Monday, 28 September 2009

5 - 0 To Shaw For Men

This time out it is the turn of Shaw For Men to answer the questions that no-one particularly wants.
Here are Shaw For Men's hopes and thoughts on the current campaign:


5-0


1. How do you think you'll fare this time out? Better than last season's scrape and narrow avoidance of the Cuddihy Cup?
I will be reaching for the stars and will at the very least achieve a top 3 finish.

2. Who would you class as your deadliest rival(s) in the competition?
Everyone is the enemy, I have no friends in the world of prem predictor, I take a great pleasure in watching those around me slide down the table as I continue my inevitable march to the top.

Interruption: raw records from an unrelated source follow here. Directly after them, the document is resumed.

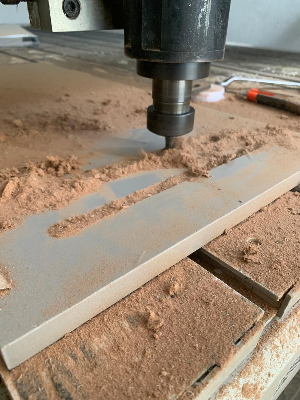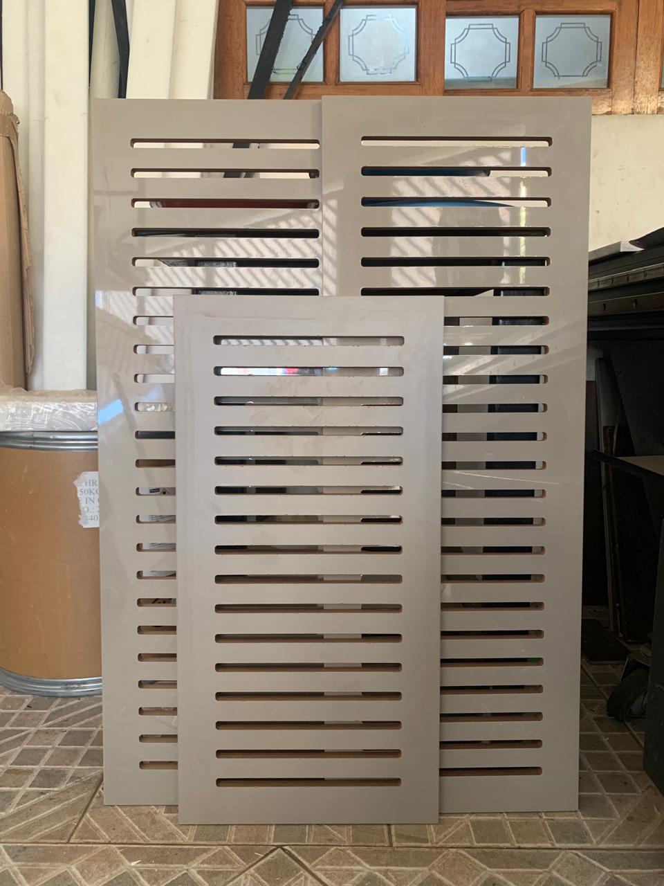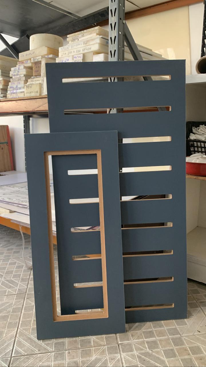 Policarbonato (Lexan) 3 e 5 mm de espessura, com as bordas pintadas de preto fosco para melhor acabamento.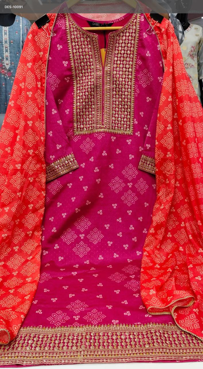 Label Khoj Women Chinon print kurta, trouser and dupptta set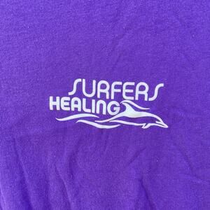 Vintage Surfer’s Healing T-shirt. Very soft. 60/40 cotton/poly blend. Very cute fit and honestly who doesn’t love dolphins?

3. Who would you most like to see win the Cuddihy Cup this term?
It has to be cuddihy, it is his name on the trophy after all.

4. What/who would you choose as a mascot/symbol to represent you in this season's competition?
The mascot:











5. During the third act of Gail Porter's latest and possibly greatest opera, "Jeremy Kyle's Weekend in Hemel Hempstead on a Tuesday" featuring Russell Watson, Bruce Hornsby and Angus Deayton, two of the deadliest ex-footballing Adrians - messrs Littlejohn and Heath - interrupt the performance by releasing a plague of deadly six-yard box finishing onto the front 4 rows of the crowd.
A mixture of panic and wonder grips the Royal Albert Hall.
Disturbed by this unprovoked display of goalscoring prowess, you unleash 2 former stalward defenders - both called Steve - onto Littlejohn and Heath to prevent any further threat.
Which 2 former defending Steve's do you choose to curb the Littlejohn/Heath axis and what tactics would you give them?
I would choose Mr Bruce and Bould. Tactics would be a all out knee high assault followed by a swift headbutt.